## TASK:
Given the records below, the lines starting at the line with "Seuraikoni Herkko Sottisen" and ending at the line with "Pettorina in morbida" should be output exactly, both end lines kept and pictures left out.

## Saved data entries:
- Opening Delimiter -

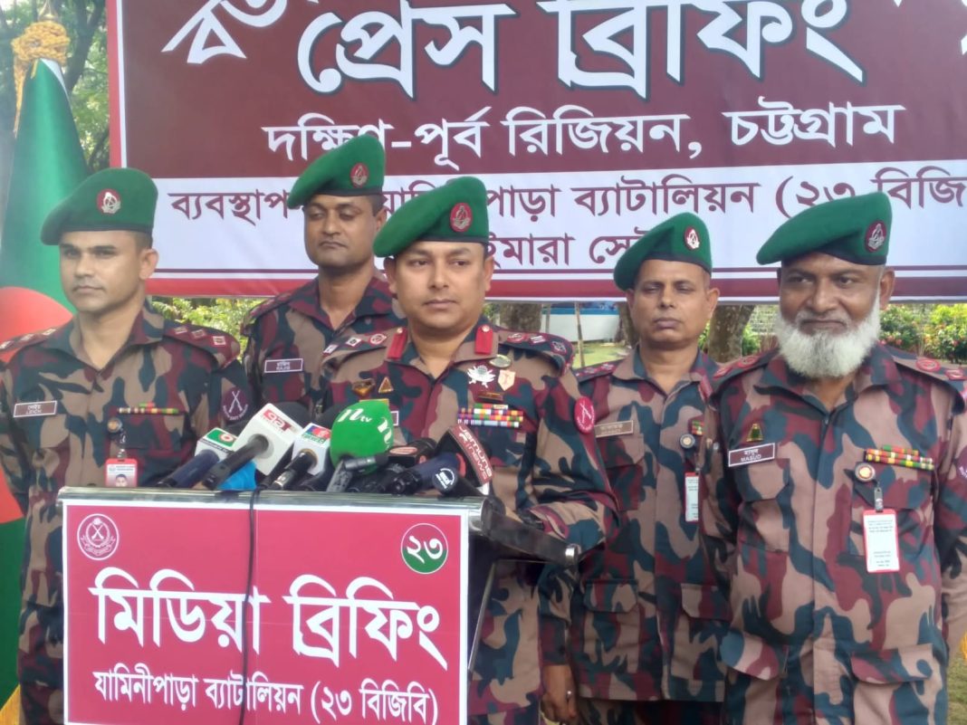 আজ বৃহস্পতিবার (২৩ অক্টোবর) চট্টগ্রাম রিজিয়নের আওতাধীন খাগড়াছড়ি জেলার যামিনী পাড়া বর্ডার গার্ড বাংলাদেশ ২৩ বিজিবি ব্যাটালিয়ন সদর দফতরে আয়োজিত এক সংবাদ সম্মেলনে এসব তথ্য জানান ব্যাটালিয়নের অধিনায়ক লেঃ কর্নেল খালেদ ইবনে হোসেন।
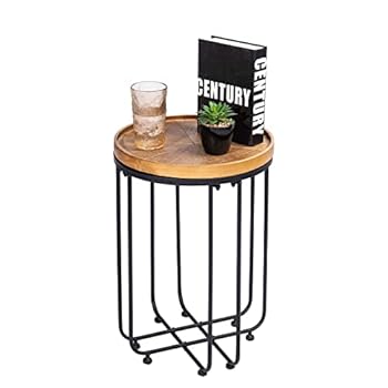 Vipush End Table Side Table Stable Metal Frame with Wood Top Coffee Snack Table for Living Room, Bedroom, Dining Room, Balcony, Wood Brown, 14 x 14 x 20 Inches
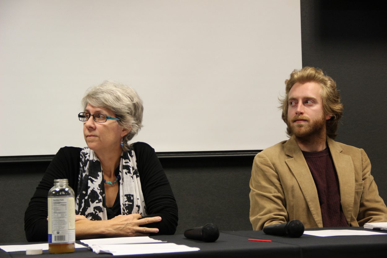 Mim McConnell and Orion Hughes-Knowles take questions at the Sitka Chamber of Commerce’s Mayoral Forum. (KCAW photo/Rachel Waldholz)
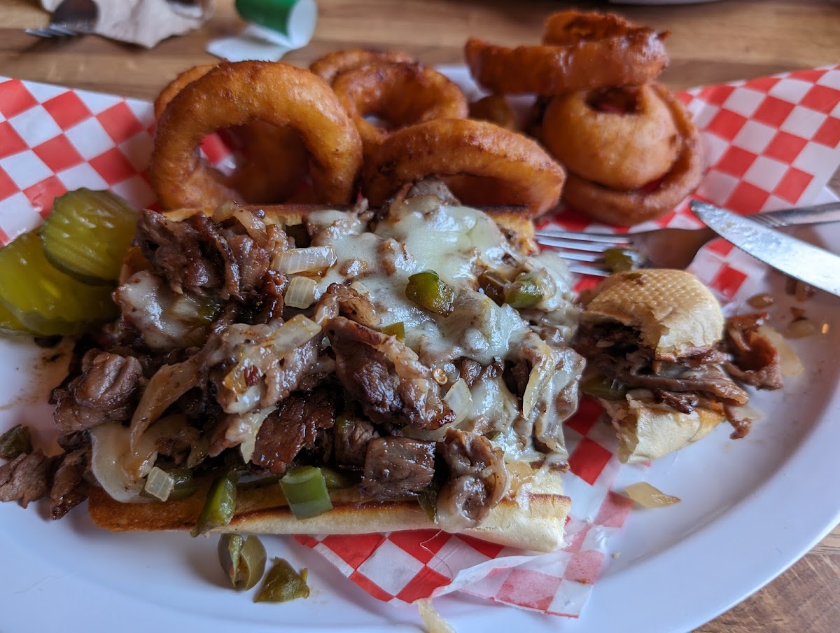 What a gem! Sarah was awesome, the food wonderful, and the vibe super chill. I had onion rings with the best Ruben ever, my daugher had grenchili potato appetizer ( i dont recall what the name of it was sorry), and the hubby had philly cheese steak sandwich. So much food we had to take a to go box. forgot to take pictures before we started eating and there was only one onion ring left when the rest of the food arrived.
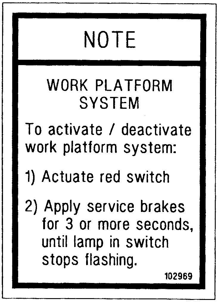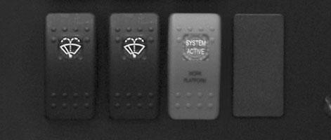 The switch must be pressed within 30 seconds of the engine shutdown signal from the ECU to prevent undesired shutdown of the engine. Pressing the switch will override the engine shutdown for 30 seconds at a time to move the machine to a safe location and to lower the boom to the ground. If the engine shuts down, the ignition switch must be turned off for 30 seconds and then back on before the engine can be restarted.
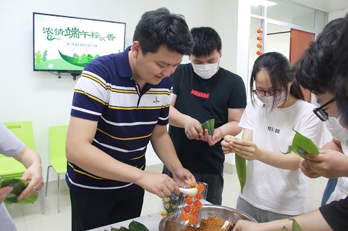 活動前期進行了泡糯米、剪粽葉、腌豬肉等食材的精心準備,老師現場演示、傳授、講解包肉粽子的秘訣、技巧和步驟。經過卷粽葉、加肉、包糯米、掩口、裹緊等流程,最后蒸煮出鍋……翠綠的粽葉,晶瑩的糯米,就變成了一個個噴香誘人的粽子。品嘗著自己包的美味粽子,員工們興奮之情溢于言表。
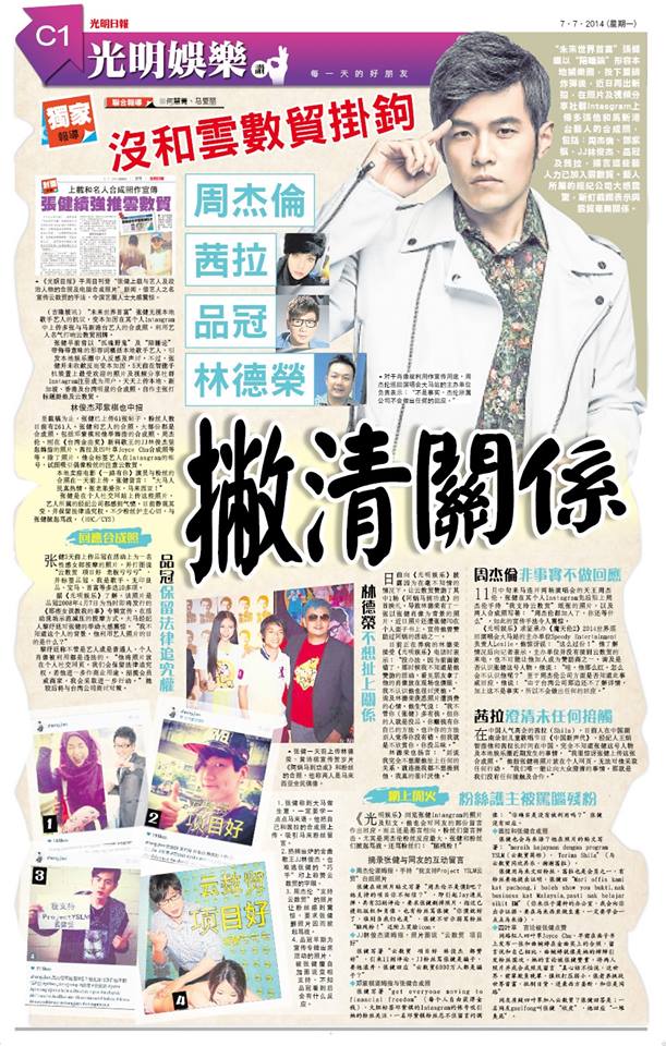 “未來世界首富”張健繼以“陪睡論”形容本地娛樂圈,投下重磅炸彈後,近日再出新招,在照片和視頻分享社群Instagram上傳多張他和馬新港台藝人的 合成照,包括周杰倫、鄧紫棋、JJ林俊杰、品冠及茜拉,揚言這些藝人已加入雲數貿。藝人所屬的經紀公司大感震驚,斬釘截鐵表示與雲貿無關係
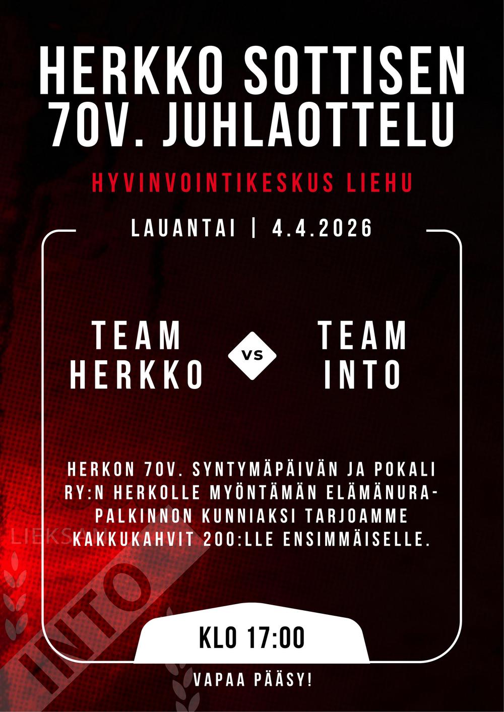 Seuraikoni Herkko Sottisen 70-vuotis syntymäpäivää ja Pokalin Herkolle myöntämää elämänurapalkintoa juhlistetaan Liehussa 4.4. Juhlaottelussa Herkon keräämä joukkue kohtaa Innon junioreista koostuvan…
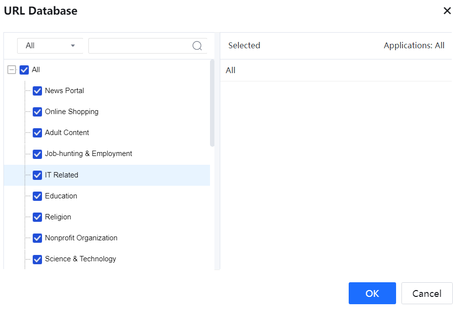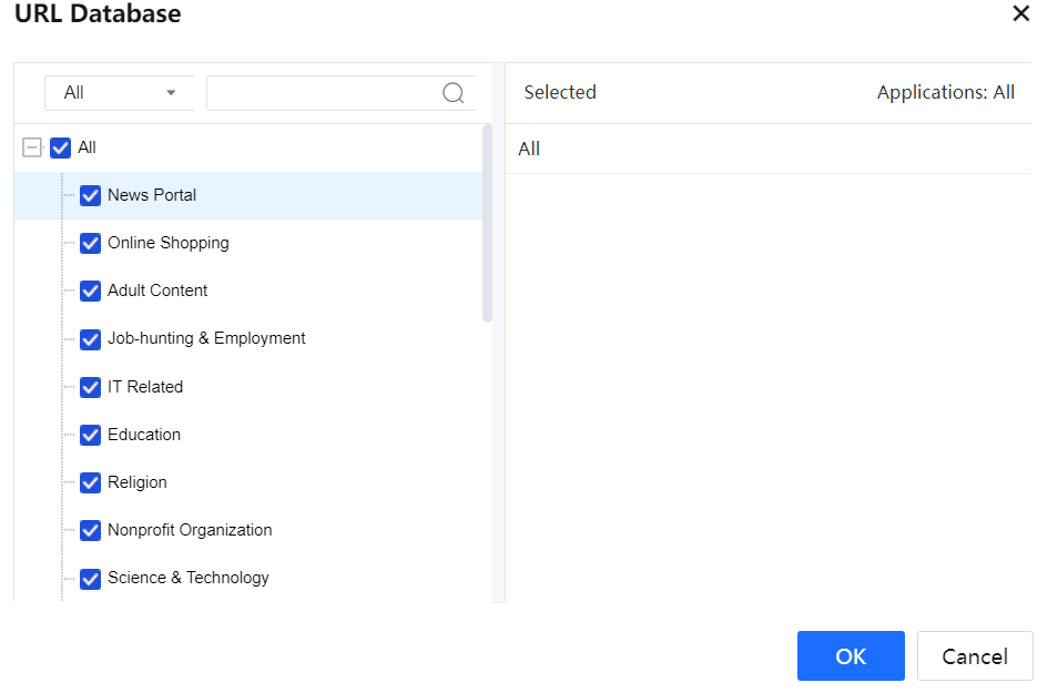 - In the URL Database, no URL group is specific to Gmail. Therefore, set a URL group and add the URL of Gmail before setting the policy.
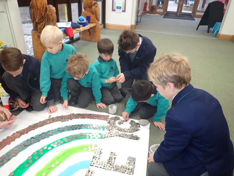 The whole school took part in our annual silver coin charity event. Each boy was asked to bring in a handful of silver coins. This year we are raising funds for the local charity ‘Be Free YC’ which helps and supports young carers in Oxfordshire. The boys laid their coins on the charities logo, with the older boys helping the younger ones to put the correct coin on the correct colour of the rainbow! It was a fantastic event, raising nearly £1000.
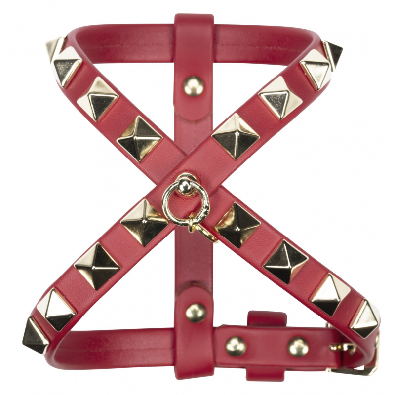 Pettorina in morbida ecopelle, decorata con rivetti a forma di piramide.
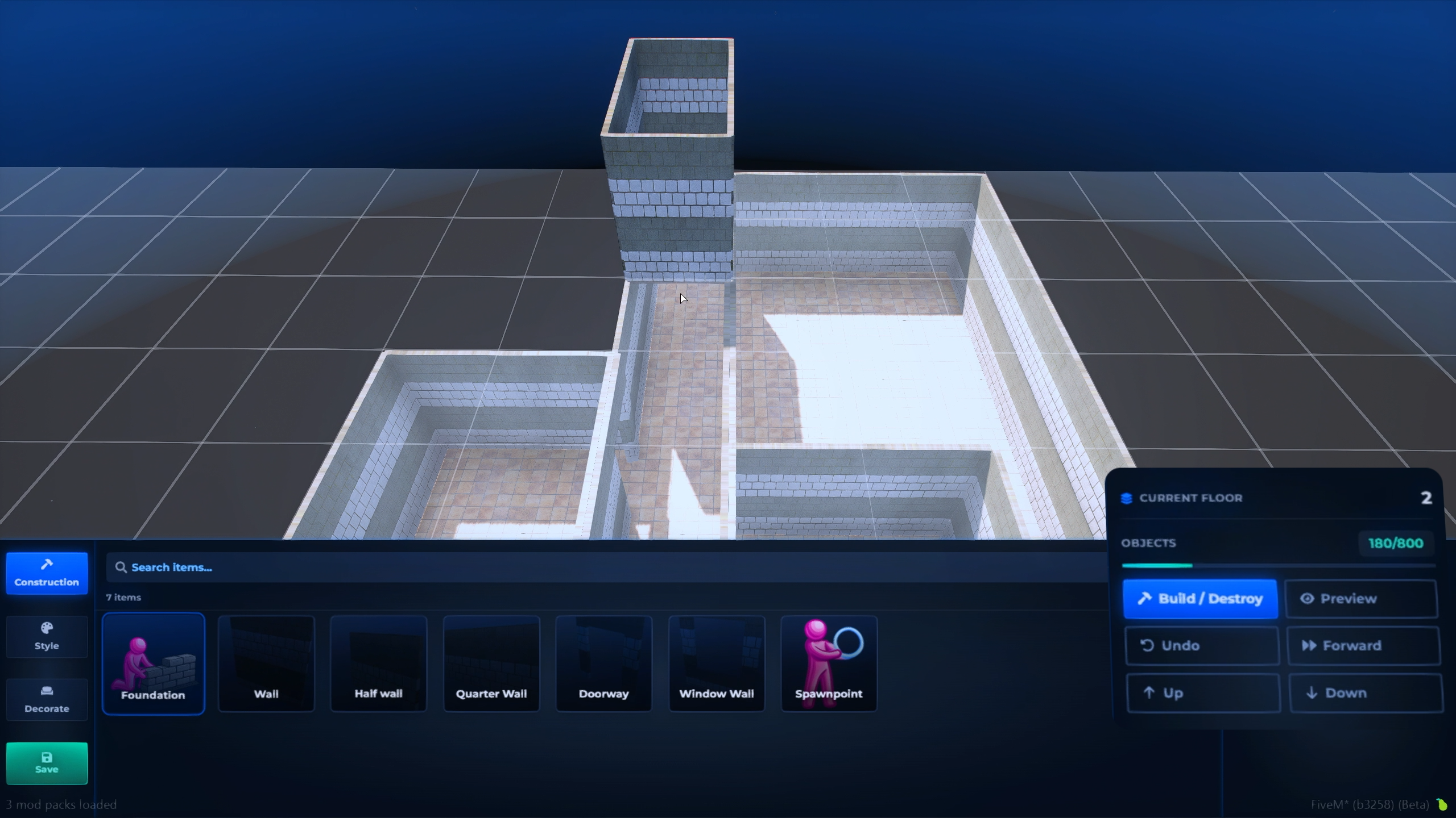Quasar Shell Creator allows multi-floor interior building for FiveM ESX, QB, QBCore and QBox servers without artificial restrictions. Create apartments, offices, hotels, and complex buildings with multiple levels, giving full freedom to design vertical interiors for premium roleplay housing content.
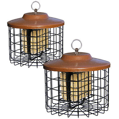 Surround your bird garden with a bevy of suet feeding stations using these Stokes Select Brown Caged Double Suet Feeders. This set of 2 caged, circular units creates dining spots for several of your smaller feathered friends, and a brown roof on each protects food from the elements. The feeders both accommodate 2 standard suet or seed cakes, and 1.5" square openings enable small birds to enter and eat. The open top on each suet holder makes refilling simple, and the 9.75" diameter of the cages provides plenty of protection. A threaded finial atop each brown, all metal lid prevents squirrels from lifting them, while a hanging ring allows you to place the pieces on a hook or bracket. A black, plastic coating on the frame protects each unit from squirrel damage, and the brown finish on the metal caps adds a natural hint. Discourage squirrels and large birds from dining while providing suet to small birds with these Brown Caged Double Suet Feeders.

- Closing Delimiter -

## ANSWER SPACE:
 Seuraikoni Herkko Sottisen 70-vuotis syntymäpäivää ja Pokalin Herkolle myöntämää elämänurapalkintoa juhlistetaan Liehussa 4.4. Juhlaottelussa Herkon keräämä joukkue kohtaa Innon junioreista koostuvan…
 - In the URL Database, no URL group is specific to Gmail. Therefore, set a URL group and add the URL of Gmail before setting the policy.
 The whole school took part in our annual silver coin charity event. Each boy was asked to bring in a handful of silver coins. This year we are raising funds for the local charity ‘Be Free YC’ which helps and supports young carers in Oxfordshire. The boys laid their coins on the charities logo, with the older boys helping the younger ones to put the correct coin on the correct colour of the rainbow! It was a fantastic event, raising nearly £1000.
 Pettorina in morbida ecopelle, decorata con rivetti a forma di piramide.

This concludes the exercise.